- Thomas Mackintosh
- BBC – London
Hospitals in China appear to be filling up with patients, amid fears of a new wave of COVID-19 spreading across the country, according to the World Health Organization.
Dr Michael Ryan said hospital intensive care units were beginning to fill up, although officials say the numbers are “relatively low”.
It is clear from Chinese statistics that no one died on Wednesday as a result of the disease, but doubts surround the real impact of the disease.
Hospitals in Beijing and other cities have begun to fill up with patients recently as infection numbers soar in China.
China had imposed strict health measures since 2020 as part of its “no COVID-19” policy, but the government eventually canceled most of the measures two weeks ago after protests broke out against the strict measures to counter the spread of the disease.
The number of infections has increased significantly since that time, which raises fears of a high number of deaths among the elderly and those with the most fragile health conditions.
Despite the high numbers of infections, the official statistics indicate that only five people died on Tuesday, which prompted the Director of Emergencies at the World Health Organization, Dr. Ryan, to urge China to provide the organization with information about the recent spread of the virus.
“Reports from China indicate relatively low numbers in intensive care units, but anecdotal news indicates large numbers,” he said.
“For weeks we have been saying that completely stopping the spread of this highly contagious virus will be difficult
Only by taking health and social measures.”
Tedros Adhanom Ghebreyesus, Director of the World Health Organization, said during a press conference in Geneva that he was “very concerned by the developments in the situation in China.”
He called for the disclosure of specific data related to the severity of the disease, the number of cases transferred to hospitals, and the requirements of intensive care departments.

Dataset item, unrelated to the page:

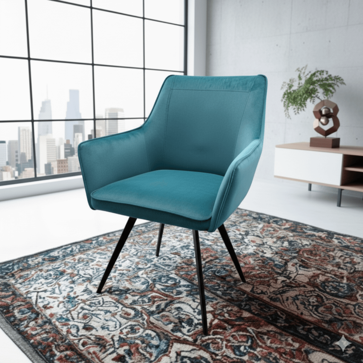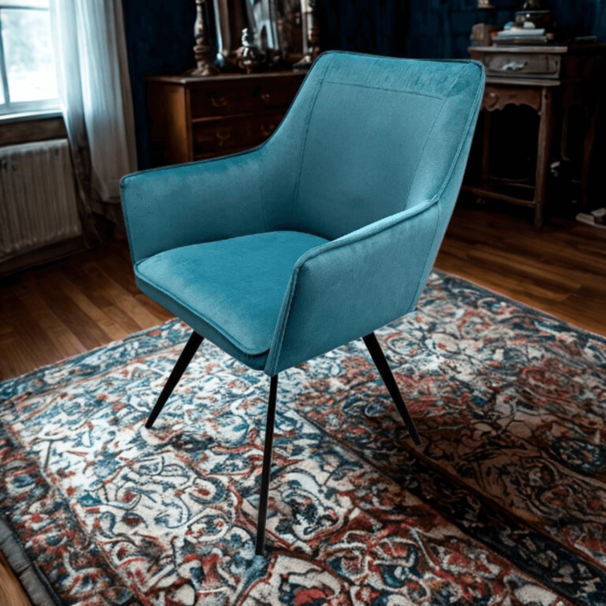 The Rivoli Dining Chair in velvet green adds elegance and sophistication to any dining setting. Upholstered in a rich green velvet, it brings both comfort and a luxurious finish. Its slender silhouette is complemented by sleek black legs, providing a modern contrast and lasting stability. Stylish yet practical, the Rivoli Dining Chair is a versatile choice for both contemporary and traditional interiors.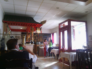 Belépve már sokkal kellemesebb látvány fogadott. Több kerek asztal, díszített falak, tükrös mennyezet. Igaz, jobbfelől a kínai gyorsbüfékből ismert tálalópult rontja a képet.

Dr. Arian added that vaccination is the appropriate strategy to confront the spread of the disease.
China has developed and produced its own vaccines that have been shown to be less effective in protecting people from severe disease than deaths than vaccines based on mRNA technology used in many parts of the world.
The comments came as Germany announced it had sent the first batch of BionTech vaccines to China.
German vaccines will initially be given to the estimated 20,000 foreigners residing in China.
This is the first batch of foreign vaccines to be sent to China, and no details were disclosed regarding the date and size of the shipment.
German Chancellor Olaf Schultz, during his visit to China last month, called for the vaccine to be provided to Chinese citizens as well, free of charge.